Key Words: Glucocorticoids; Hypothalamic-pituitary-adrenal axis; Adrenal insufficiency; Nephrotic syndrome; Prednisolone; Cortisol; Hypothalamic-pituitary-adrenal axis suppression; Steroid therapy; Low-dose Synacthen test

Core Tip: Children with nephrotic syndrome often require repeated glucocorticoid therapy, which can lead to hypothalamic-pituitary-adrenal axis suppression and secondary adrenal insufficiency. This impaired stress response may contribute to relapse during infections. This review summarizes the mechanisms, diagnostic methods, clinical implications, and preventive strategies, underscoring the need for early identification and tailored steroid management to reduce long-term risks.

INTRODUCTION

Glucocorticoids such as prednisolone are commonly used in treating nephrotic syndrome, and repeated courses with often-prolonged use are common. Exposure to exogenous glucocorticoids, even at low doses and for brief periods, can result in detectable suppression of the hypothalamic-pituitary-adrenal (HPA) axis. Secondary adrenal insufficiency is found in 150 per million in the general population[1]. It is rare in children and is usually caused by exposure to prolonged high-dose steroids[2]. Patients with acute adrenal insufficiency present with severe symptoms like hypoglycemia, hypovolemia, and altered mental status, while those with chronic adrenal insufficiency are usually asymptomatic or present with nonspecific symptoms such as anorexia, weight loss, fatigue, myalgias, abdominal pain and psychiatric symptoms. Hence, a high index of clinical suspicion and appropriate biochemical evaluation are needed to diagnose chronic adrenal insufficiency. As corticosteroids remain the mainstay in the treating childhood nephrotic syndrome, they are more prone to develop HPA axis suppression. During any stressful condition like an upper respiratory infection (URTI), children with a suppressed HPA axis may be prone to relapse due to the inability to mount an appropriate response to infection. These might explain the hypothesis of steroid supplementation during URTI for preventing/reducing relapse risk[3].

However, the extent of HPA axis suppression in children with nephrotic syndrome remains unclear. Moreover, the current literature does not establish any direct link between HPA axis suppression and disease relapse and other potential consequences, such as immune dysfunction and increased susceptibility to infections. The objective of this review is to explore the current understanding of glucocorticoid-induced HPA axis suppression in children with nephrotic syndrome, with a focus on its potential role in disease relapse and other clinical consequences. The expected outcome is synthesizing available evidence, identifying knowledge gaps, and providing insights that may improve clinical monitoring. An electronic search was conducted across the following databases: PubMed, EMBASE, Scopus, and CENTRAL (Cochrane). In addition, reference lists of relevant articles were manually screened to identify any further eligible studies. The complete search strategy is presented in Supplementary Table 1.

HPA AXIS PHYSIOLOGY

The HPA axis is a complex system of neuroendocrine pathways wherein feedback loops among the hypothalamus, pituitary, and adrenal glands regulate and sustain physiological homeostasis. In response to stress, corticotropin-releasing hormone (CRH) is secreted by the paraventricular nucleus of the hypothalamus, which stimulates the release of adrenocorticotropic hormone (ACTH) from the pituitary gland into circulation. ACTH prompts the adrenal glands to synthesize and release corticosteroids, primarily cortisol and corticosterone.

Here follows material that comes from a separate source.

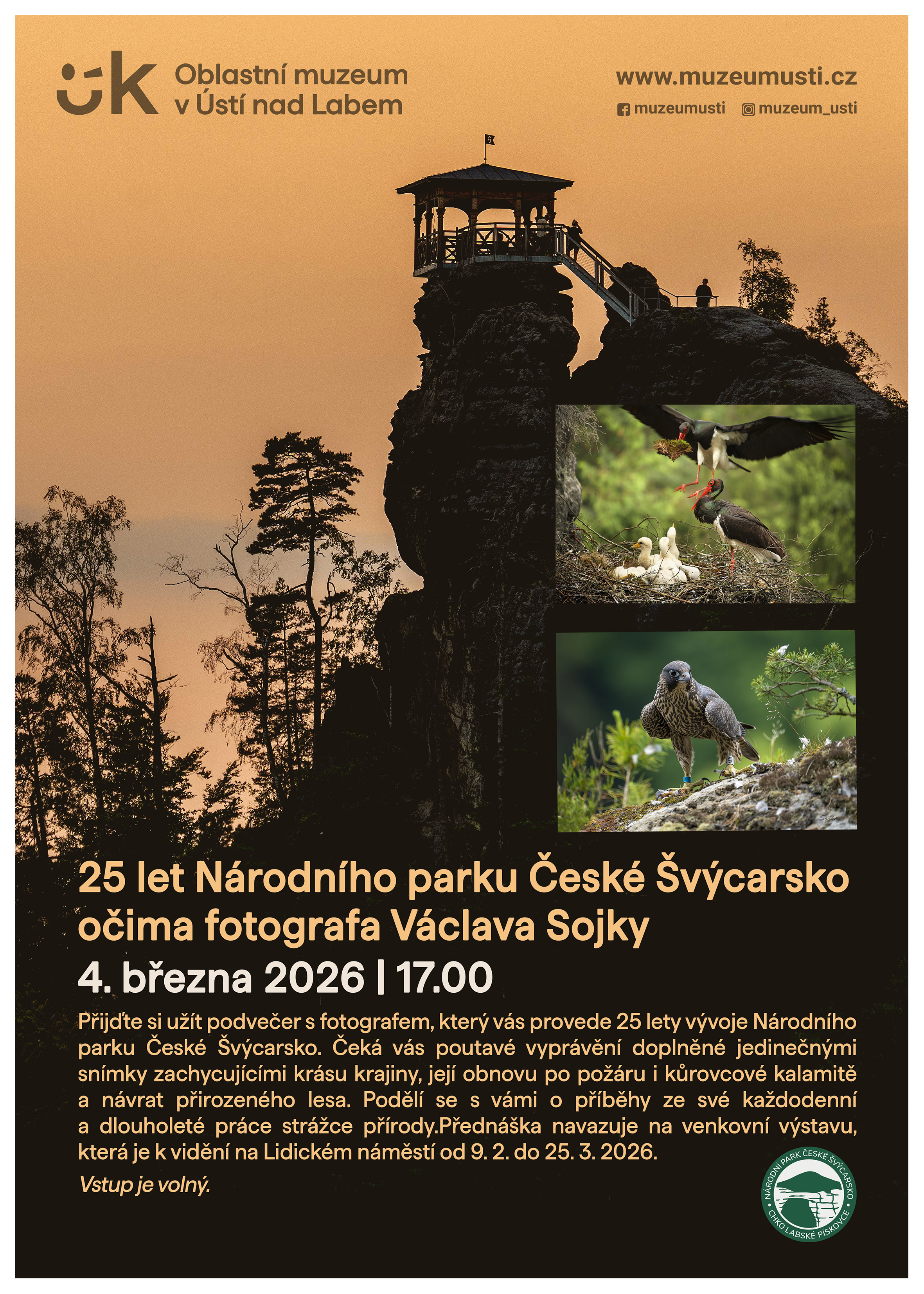 Přednáška navazuje na outdoorovou výstavu PRO LIDI I PŘÍRODU – 25 LET NÁRODNÍHO PARKU ČESKÉ ŠVÝCARSKO, která je k vidění na Lidickém náměstí v Ústí nad Labem od 9. 2. do 25. 3. 2026 a výstava je volně přístupná.

Synthesis and secretion of glucocorticoids from adrenal glands follow a circadian pattern, which is regulated by the central circadian oscillator in the suprachiasmatic nucleus of the hypothalamus[4]. In healthy individuals, cortisol peaks in the early morning (6:00 am to 9:00 am) and gradually declines to minimal levels by late evening (11:00 pm to 1:00 am)[5]. Corticosteroids are crucial to a wide range of physiological functions influenced by the HPA axis, such as stress response, immune response and regulation of inflammation, carbohydrate and protein metabolism, and regulation of blood electrolyte levels. Corticosteroids can also initiate a negative feedback loop within the HPA axis via glucocorticoid receptor activation in the brain to shut down its production (Figure 1). Thus, a deregulated HPA axis can cause several pathologies.

Figure 1 Hypothalamic-pituitary-adrenal axis. CRH: Corticotropin-releasing hormone; ACTH: Adrenocorticotropic hormone.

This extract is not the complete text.